If this StructuredTensor has rank N and shape [D1...DN], then each FieldValue v in updates must have shape [D1...DN, ...], that is, prefixed with the same shape as the StructuredTensor. Then the resulting StructuredTensor will have:

result[i1...iN][k] = v[i1...iN]                        # (k, v) in updates
result[i1...iN][k] = f(self.field_value(k))[i1...iN]   # (k, f) in updates
result[i1...iN][k] = self[i1...iN][k]                  # k not in updates

Note that result.shape is always equal to self.shape (but the shapes of nested StructuredTensors may be changed if they are updated with new values).

Args
updates A dictionary mapping FieldName to either a FieldValue to be used to update, or a FieldFn that will transform the value for the given FieldName. FieldName can be a string for a direct field, or a sequence of strings to refer to a nested sub-field. FieldFn is a function that takes a FieldValue as input and should return a FieldValue. All other fields are copied over to the new StructuredTensor. New FieldName can be given (to add new fields), but only to existing StructuredTensor, it won't automatically create new nested structures -- but one can create a whole StructureTensor sub-structure and set that into an existing structure. If the new value is set to None, it is removed.
validate If true, then add runtime validation ops that check that the field values all have compatible shapes in the outer shape.rank dimensions.

Returns
A StructuredTensor.

Raises
ValueError: If the any of the FieldName keys points to non-existent sub-structures, if parent and child nodes are updated, if shapes change, if a delete update is given for a non-existent field, or if a FieldFn transforming function is given for a FieldName that doesn't yet exist.

Examples:

shoes_us = tf.experimental.StructuredTensor.from_pyval([
   {"age": 12, "nicknames": ["Josaphine"],
      "shoes": {"sizes": [8.0, 7.5, 7.5]} },
   {"age": 82, "nicknames": ["Bob", "Bobby"],
       "shoes": {"sizes": [11.0, 11.5, 12.0]} },
   {"age": 42, "nicknames": ["Elmo"],
       "shoes": {"sizes": [9.0, 9.5, 10.0]} }])
def us_to_europe(t):
  return tf.round(t * 2.54 + 17.0)  # Rough approximation.
shoe_sizes_key = ("shoes", "sizes")
shoes_eu = shoes_us.with_updates({shoe_sizes_key: us_to_europe})
shoes_eu.field_value(shoe_sizes_key)
<tf.RaggedTensor [[37.0, 36.0, 36.0], [45.0, 46.0, 47.0],
[40.0, 41.0, 42.0]]>

__eq__

View source

Return self==value.

__getitem__

View source

Returns the specified piece of this StructuredTensor.
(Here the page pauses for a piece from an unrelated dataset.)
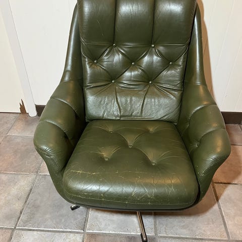 Lænestol, tekstillæder, Retro dreje lænestol, Inkl. skammel.

  • If struct_tensor is scalar (i.e., a single structure), then struct_tensor[f] returns the value of field f (where f must be a string).

  • If struct_tensor is non-scalar (i.e., a vector or higher-dimensional tensor of structures), struct_tensor[i] selects an element or slice of the tensor using standard Python semantics (e.g., negative values index from the end). i may have any of the following types:

    • int constant
    • string constant
    • scalar integer Tensor
    • slice containing integer constants and/or scalar integer Tensors

Multidimensional indexing

StructuredTensor supports multidimensional indexing. I.e., key may be a tuple of values, indexing or slicing multiple dimensions at once. For example, if people is a vector of structures, each of which has a vector- valued names field, then people[3, 'names', 0] is equivalent to people[3]['names'][0]; and people[:, 'names', :] will return a (possibly ragged) matrix of names, with shape [num_people, num_names_per_person].

Args
key Indicates which piece of the StructuredTensor to return.

Returns
A Tensor, StructuredTensor, or RaggedTensor.

__ne__

View source

Return self!=value.